Aleksandr_Solzhenitsyn_1974cropThere are those, as well, who simply choose not to believe in God, or else those who believe there is “something” or “someone”, but choose not to submit due to that which they perceive to be restrictions to which they must adhere. The arrogance! To believe that there is a greater power, one capable of creating something from nothing, one who exists on a plane beyond the physical and certainly beyond man’ feeble comprehension, and to think that because one chooses not to submit, he is somehow not bound to the will thereof. A man may stand in the path of a tornado and proclaim to all who are not yet in their storm shelters, “This tornado, though real, has no claim, effect, or influence on me!” but the tornado, by its very nature, will soon prove me wrong. The sirens sound, the skies darken, yet men choose to believe that something greater than himself has only the power that he himself assigns. Behold, the arrogance of man.
This, it seems, is the more common explanation. Whereas in earlier times, such as those of Solzhenitsyn’s, man was thrown unwittingly into an atheist void, in which he was forced to forget, or at the very least suppress the belief in, God, our modern age has the feel that man is not so much being forced to forget, as he is choosing to let go of. As man forgets God, his values change, and as his values change, he drifts ever farther away from God.

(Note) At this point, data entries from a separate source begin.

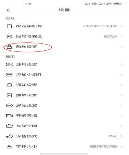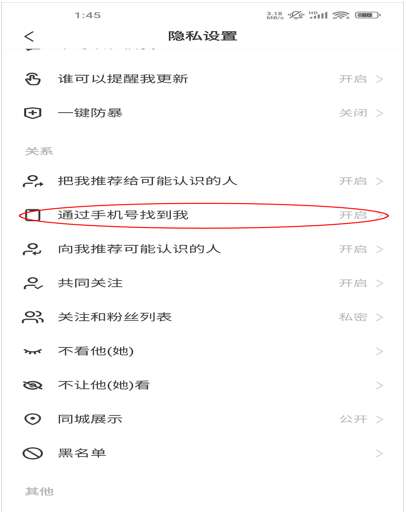 进入到隐私设置页面,找到并点击“通过手机号找到我”选项;
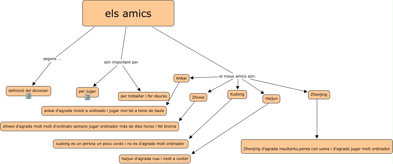 Aquest mapa conceptual conté informació relacionada amb: amics, els amics el meus amics són: Zhenjing, els amics són important per per jugar, Zhenjing ???? Zhenjing d'agrada insultanto,perea con usma i d'agrada jugar molt ordinador, els amics el meus amics són: Haijun, Ankai ???? ankai d'agrada molot a ordinado i jugar mol bé a tenis de taula, Xudong ???? xudong es un persna un poco cordo i no es d'agrada molt ordinador, els amics segons ... definició del dicionari, Zhiwei ???? zhiwei d'agrada molt molt d'ordinato sempre jugar ordinador más de dies hores i fet broma, Haijun ???? haijun d'agrada nua i molt a contel, els amics el meus amics són: Xudong, els amics són important per per treballar i fer deures, els amics el meus amics són: Zhiwei, els amics el meus amics són: Ankai
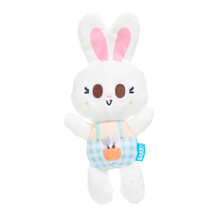 A garden-themed plush bunny that brings playful crinkles and squeaks to cuddles, tosses and gentle tugs.
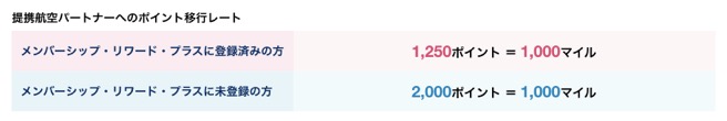 「メンバーシップ・リワード・プラス」に登録すると、貯めたポイントの、提携航空パートナーへのマイル移行レートがアップします。
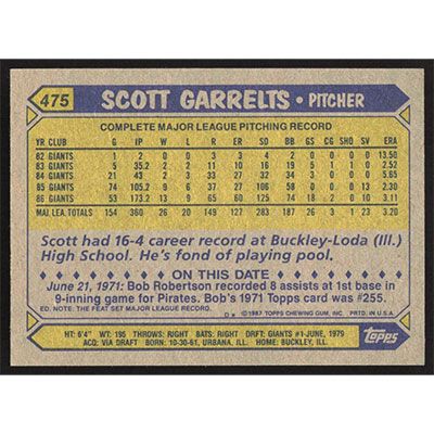 This is a 1987 Topps Scott Garrelts baseball card. The card is #475 and pictures show condition.
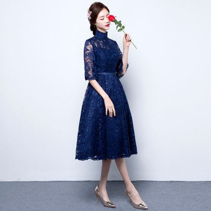 ネイビー七分袖 膝丈パーティードレス 結婚式 二次会 フォーマル
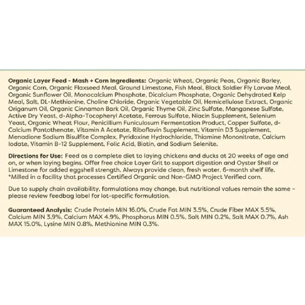 Natures Grown Organics 16% Layer Pellet Poultry Feed is a complete feed for laying chickens. Complete ration for laying chickens, ducks, and geese. Recommended for feeding mature hens and may be used during the entire. production cycle without requiring additional grain or free-calcium sources. Made with 100% certified organic ingredients. Contains a proper balance of energy, amino acids, vitamins and minerals. Contains a proper level of calcium. Wholesome source of nutrition in a single, complete feed. Optimal laying performance. Improved eggshell quality.
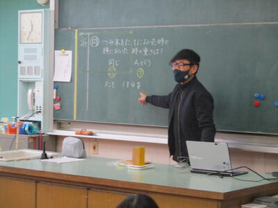 3年生の理科はものの重さの学習をしています。先生が取り出したのは直方体の木でできた積み木、縦長にして重さを量ったときと横長にして重さを量ったときでは重さは違うでしょうか?と発問しました。大人なら同じだろうと考える人が多いかもしれませんが、子どもたちは様々な意見を理由を付けて発表します。「測る面積が大きくなるから重くなる」「面積が大きくなると軽くなる」「変わらない」などの意見がたくさん出ました。そして実験、結果は「変わらない」でしたが、一所懸命に予想した子ども達は興味津々で実験を見ていました。
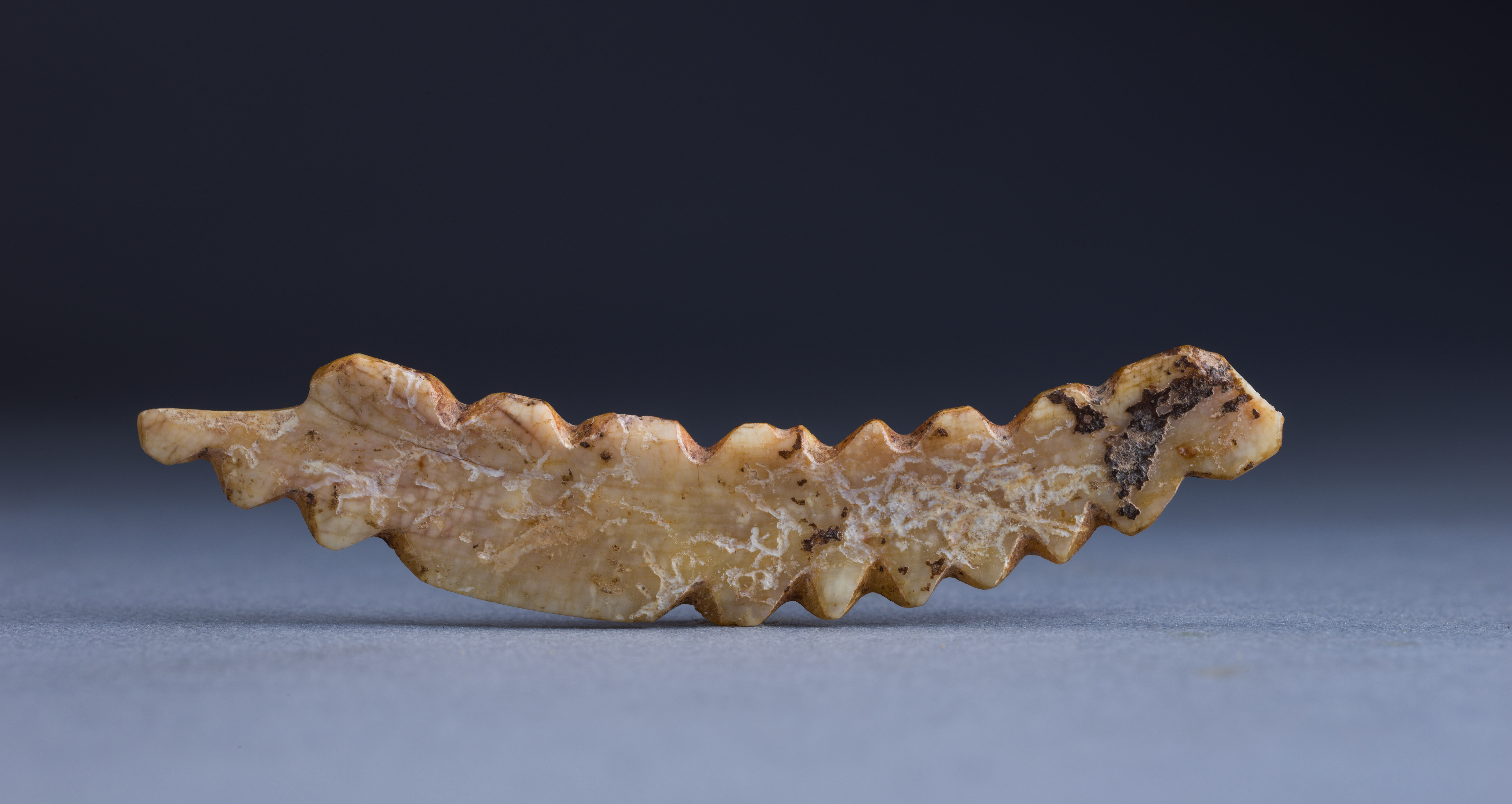 这是河南省巩义市河洛镇双槐树遗址出土的“牙雕家蚕”(资料照片)。
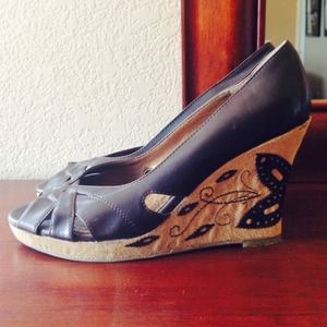 Cute, comfortable and flirty wedges. Brown leather, with brown leather stitched accents on the heel. Worn once, true to size, easy to wear!
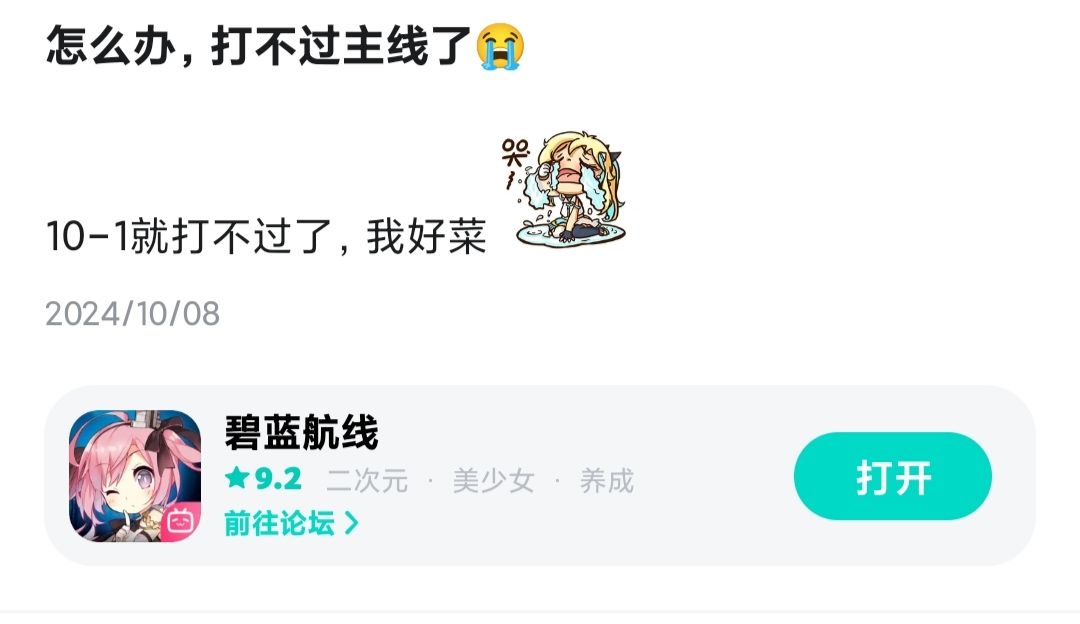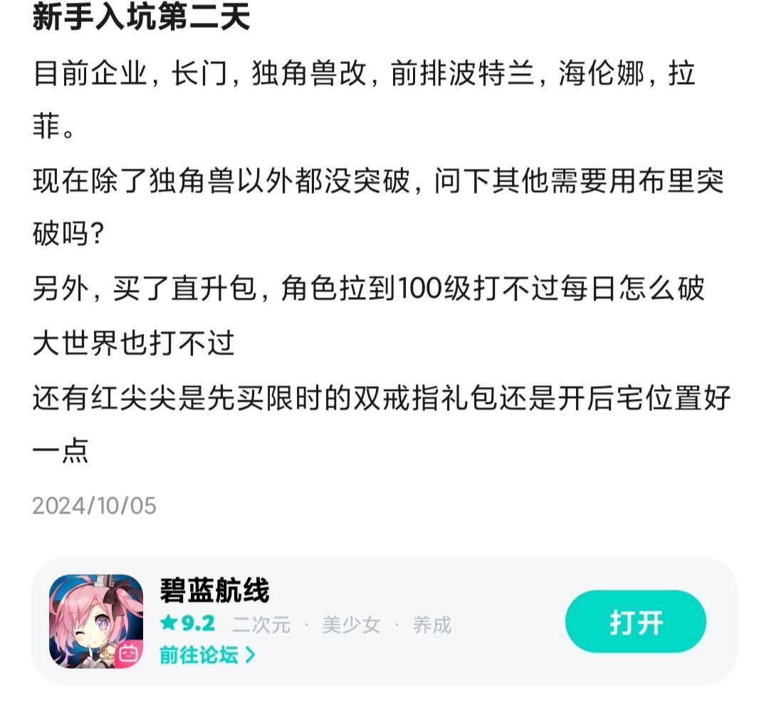 补充2:补充一些说没有强度要求的论坛却全是能产生强度焦虑的直视图,再次建议优化入坑体验,既然没有强度要求那应该可以加强新手角色,强度不要求不会影响卖船
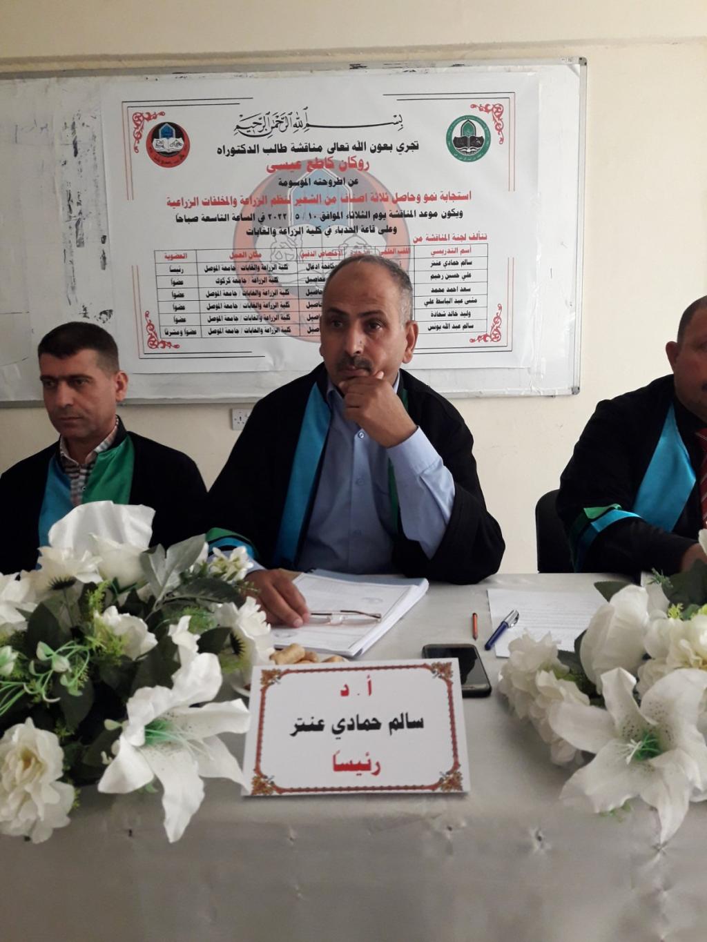 A Ph.D. thesis was discussed in the Department of Field Crops / College of Agriculture and Forestry / University of Mosul for the student (Rokan Katgh Issa) on Tuesday, 10/5/2022. Prof. Dr. Muhammad Yunus Al-Allaf (Dean of the College) attended a part of the discussion.Thesis title: Response of growth and yield of three barley cultivars to cultivation systems and agricultural residues.Thesis summary: A field experiment was conducted for the agricultural season (2020-2021) to study the response of the growth and yield of three cultivars of barley to farming systems and agricultural waste in two sites (Al-Hamdania and Al-Nimrud), which are located (15 km southeast and 65 km east) of Mosul, respectively. The experiment involved three factors: The first factor (three types of barley); the second factor (three cultivation methods); and the third factor (two levels of agricultural waste; the first level: is without agricultural residues, and the second level is 100% waste).More results are available in the thesis …..The discussion committee consisted of:
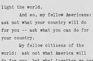 The climax of the speech and its most memorable phrase – “Ask not what your country can do for you – ask what you can do for your country” – was honed down from a thought about sacrifice that Kennedy had long held in his mind and had expressed in various ways in campaign speeches.
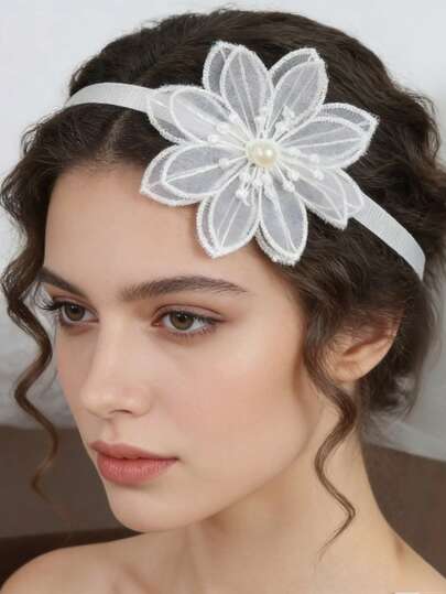 白色蕾丝花朵珍珠发箍 | 优雅新娘头饰,适合婚礼和婚纱照 | 精致花朵新娘发饰
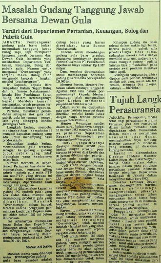 Pembangunan gudang gula baru bukan merupakan tanggung jawab Bulog saja tapi merupakan tanggung jawab bersama dari Dewan Gula Indonesia yang melibatkan Departemen Pertanian, Keuangan, Bulog, dan pabrik gula.
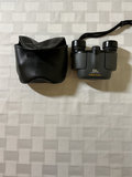 A collection of bird-themed decorative items including metal bird silhouettes, small ceramic bird ornaments with colored ribbons, a carved bird sculpture, plus wildlife reference books and a pair of 8x binoculars with a leather carrying case.
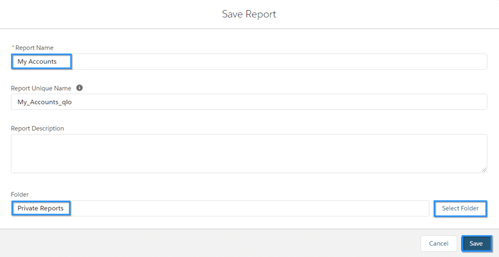 To see your report, click “Save & Run.” It will require you to choose the folder to put it in, give it a name, and, if desired, a description. Next, select “Save.”
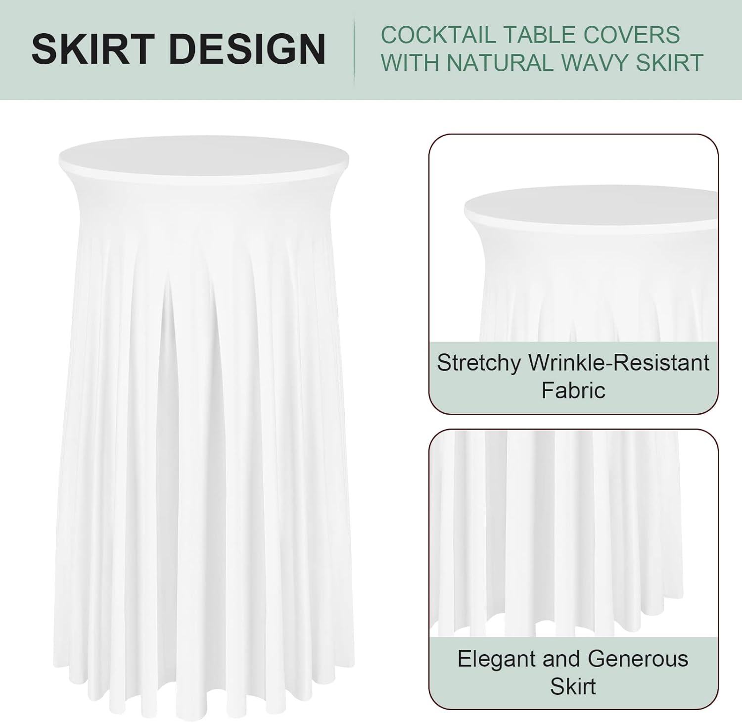 Cocktail Table Covers - 2 Pack 24"x 43" White Cocktail Table Tablecloth with Natural Wavy Round Skirt for Bar Wedding Party Banquet

Russell Kirk writes in his essay, The Rarity of the God Fearing Man that,
“Every age portrays God in the image of its poetry and politics… It has been said that to many of our generation, God is a Republican and works in a bank; but this image is giving way, I think, to God as Chum—at worst, God as a playground supervisor… But in reality God does not alter…”
Perhaps the reason that God is so absent in any real, meaningful, or quantifiable way in the collective life of our present generation is that we have made him to reflect our own image, and being that we are ourselves largely lacking in substance or foundation, it should then come as no surprise that man has forgotten God. Man has made Him to look like His human creation, and said creation knows not what to make of itself.
If man truly and in every sense of the phrase fears God, he has no need whatever to fear anything of this world. Sickness and disease, poverty, war, natural disaster; even down to such seemingly trifling matters are relationships and professional direction – none of these can affect the man who fears God. After all, the only God deserving of his fear, his reverence, and his awe is that which has all creation under his thumb. The troubles of the world are too great to be overcome by strictly human endeavor, as is evident from the countless conflicts made worse by the ill-advised and Godless movements of men. Man must remember God, not at the state level. Man needs no theocracy. Rather, he needs to remember Him in his own life. Where God is, there is peace, love, joy, and hope. Let every man remember this God, and accept these into his own life, and let the world around him be resurrected not by an attempt to bring Heaven to Earth, but as a consequence of reconnecting one’s soul to Heaven.
i  Book of Proverbs, 1.7 (ESV)
ii  Dirscherl, Denis S.J. Dostoevsky and the Catholic Church. Chicago: Loyola University Press, 1986. 47.